What Happened To Ethics In Our Industry?

I was speaking to a forty year veteran makeup artist sometime ago and he brought up a valid point. He said that there was a time when you were able to do business in the entertainment industry on a hand shake. It really seems the days of ethical behavior has really gone out the window and dog-eat-dog has taken its place. I think it’s really is a sad day when you feel like you can trust anyone. I know things are tough right now, and everyone is in survival mode, but does that mean that you have to screw other people over just to get ahead? One of the biggest issues that that has been raised is the practice of severely under cutting the rates of other artists. There has been a lot of talk about how the newest generation of hair and makeup artists have been under cutting the veteran makeup artists rates so low that they can’t seem to make a decent wage anymore. I know the makeup and hair schools are pumping out new people into the work force every day. I realize that the new people just want to get their foot in the door, but you need to think about who you are hurting in the long run. It’s really important for the new generation to realize that when you grossly under bid for a job, or when you’re afraid to negotiate a higher rate, you are driving the rate down. We the experienced artists, are trying really hard to piece together a decent middle class lifestyle, and that won’t happen for anyone if the new people keep agreeing to work for $100 or for free. The union had the right idea from the beginning, keep the union rates standard and don’t go below that amount. They understood something very basic, when one person works for less then slowly everyone else will too. If this practice keeps up then very soon from now, there won’t be an industry for us to make a living from. It will all just be a cute hobby.

Years ago, when I worked in Washington DC, the makeup artists there all had set rate that everyone adhered to. It was considered to be a huge “no-no” to undercut someone because they wanted to keep the wages at a high standard.
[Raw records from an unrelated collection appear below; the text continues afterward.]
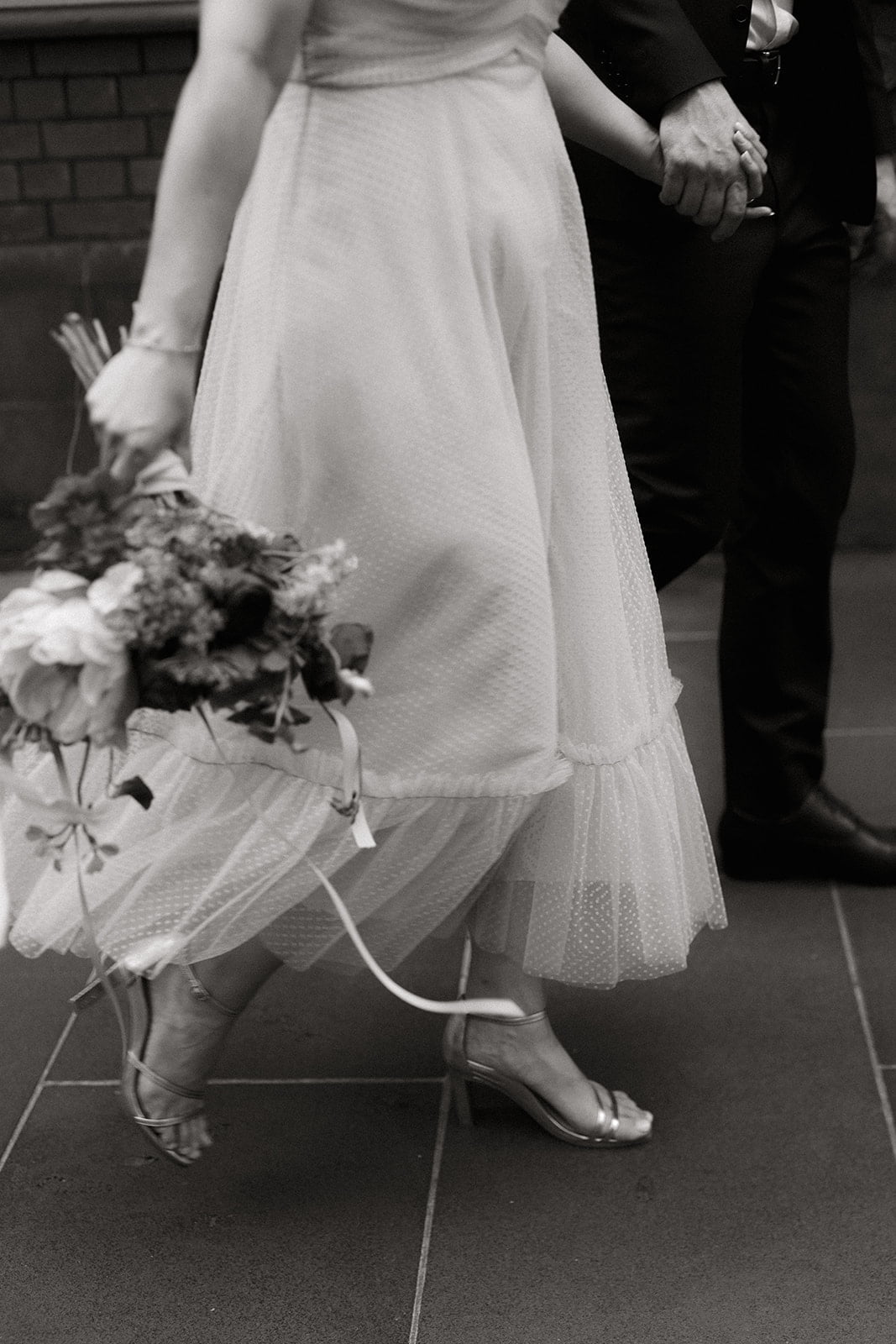 MEMORABLE MOMENT “We walked from QT Hotel Melbourne to Fitzroy gardens with Nikki and Isabelle, our photographer and celebrant, and were able to enjoy each other’s company as we anticipated something we had waited for for so long. Our ceremony was so special. As we just had immediate family present, we were able to soak up the moment together, and it felt like we were the only two people in the world. I loved that we got to have this small day, as it really took away the fear and anxiety that we wouldn’t be able to get married.”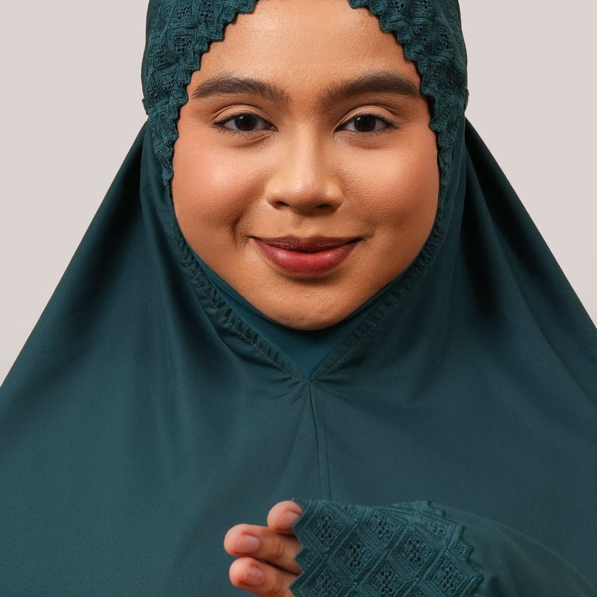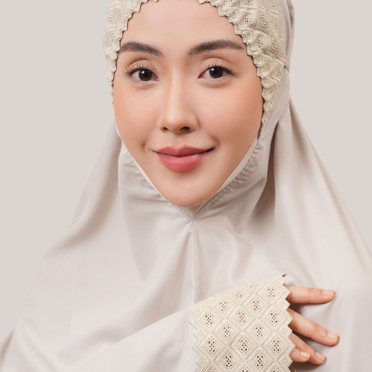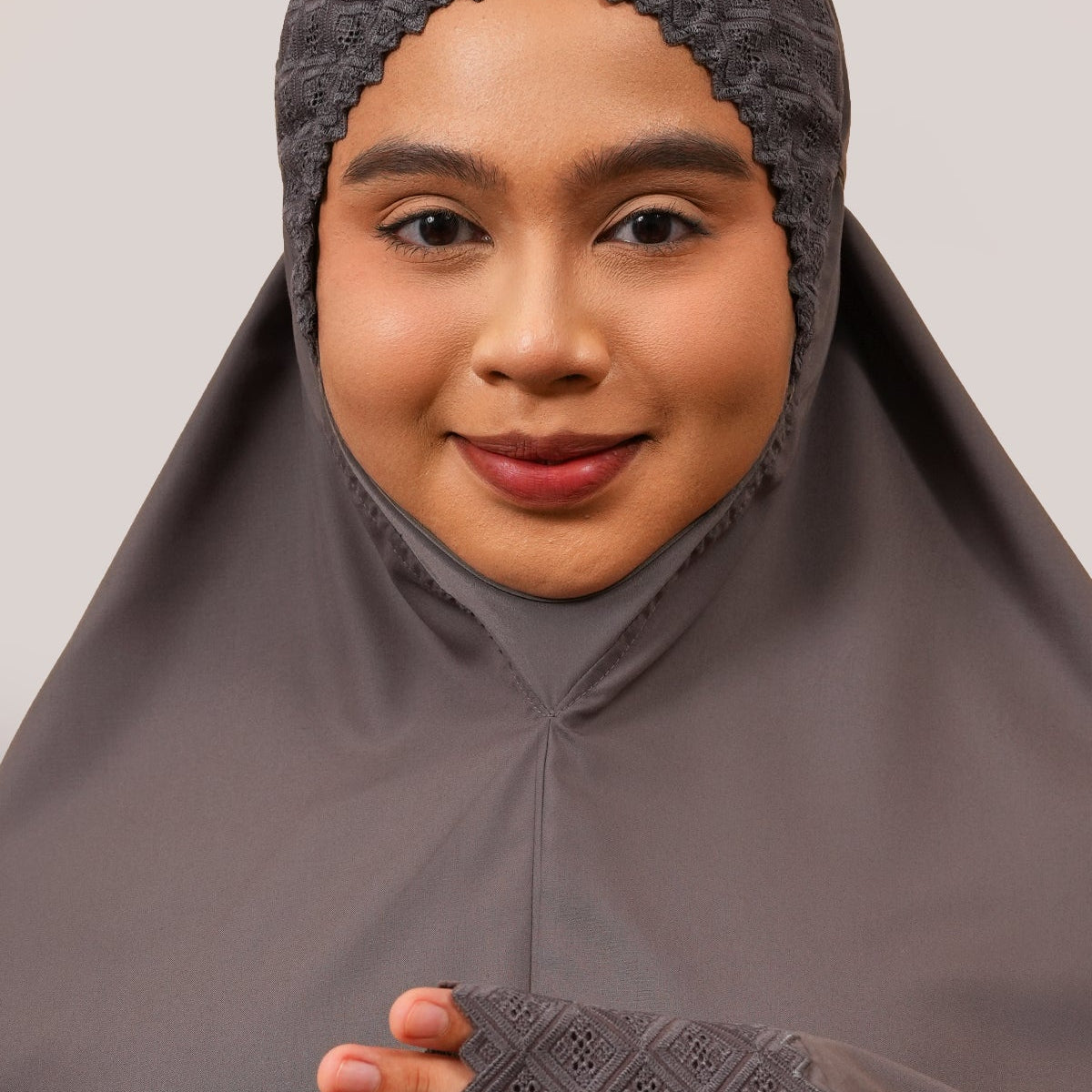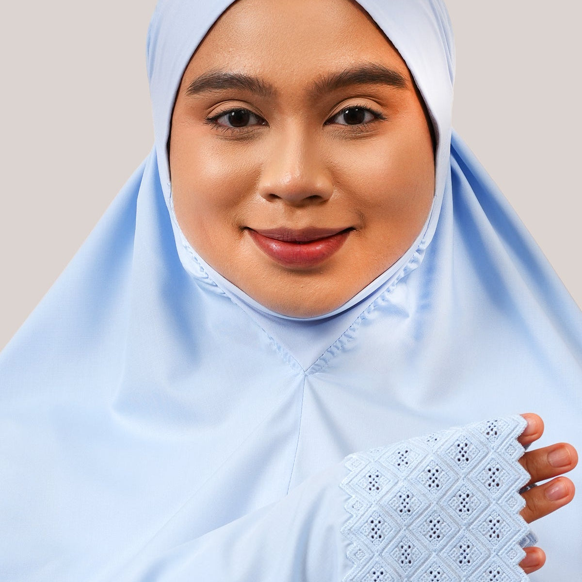 The gentle lace work is sewn with precision, the fabric is airy and cooling, and the fit hugs just right without leaving a mark. It’s the kind of telekung you reach for, again and again.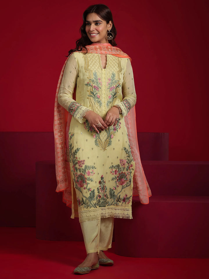Libas Art Lime Green Embroidered Organza Straight Suit With Dupatta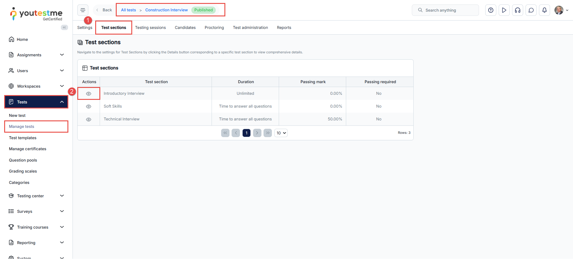 - Navigate to the Tests/Manage Tests tab. Locate the test for which you want to enable the feature. Click on the test’s name to enter its specific settings. This is possible for both published and draft tests.
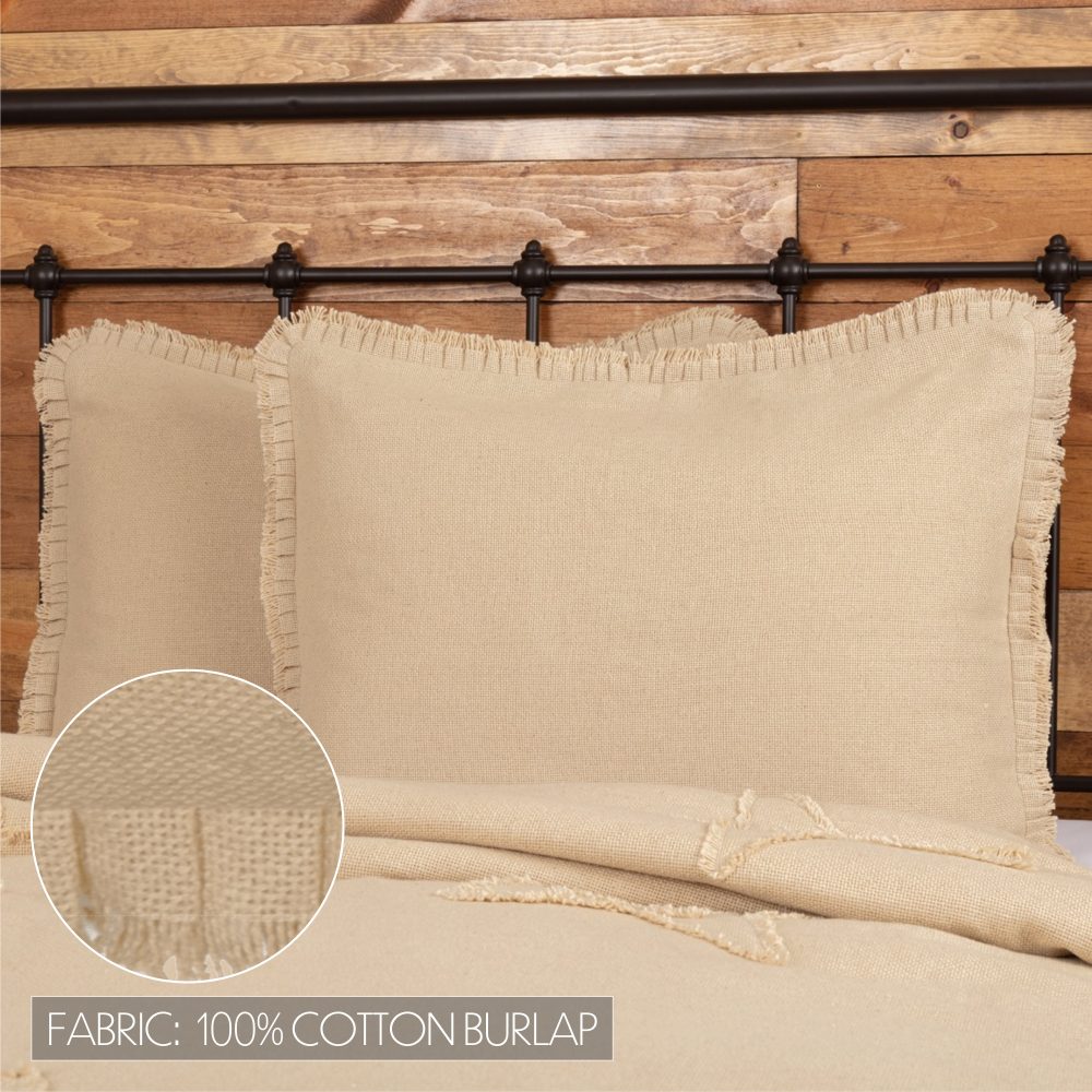 - FRINGED RUFFLED EDGING: Rustic details abound with this warm beige pillow sham crafted from textured burlap and edged in tight, delicate fringed ruffles.

We live in Los Angeles here where union is king, but more and more of the work is coming from non-union. It astounds me that there really aren’t any standard non-union rates here. When I moved here, I asked a person who runs a well know workshop what the going rates were in Los Angeles. To my surprise she told me, “its whatever the market will bare.” I’m sorry but that is an unacceptable answer! Now we are in a recession and the “market” or producers will bare $100 for a day. I don’t know about you, but my rent won’t be covered on that day rate! I’m asking you to think long and hard about what you bid for a job and to do your homework before you start quoting numbers. If you don’t know what the going rate is for your craft then call a few other artists or a few local agencies. But please stop working for bare minimum! We must stick together on this issue if we want to keep making a living at our craft. I can guarantee you the day that the standard is $250 a day for 14 hours the producers will get very comfortable keeping it there.

For more information about rate negotiation watch our virtual classroom video on “Negotiating Rates With Cloutier Agency”: http://www.hmartistsnetwork.com/video_list

Michelle Lee
Makeup Maverick
www.hmartistsnetwork.com

March 9, 2010. Tags: , , , , , , . Hair & Makeup Jobs, Hair & Makeup Marketing, Working as a Hair or Makeup Artist. 1 comment.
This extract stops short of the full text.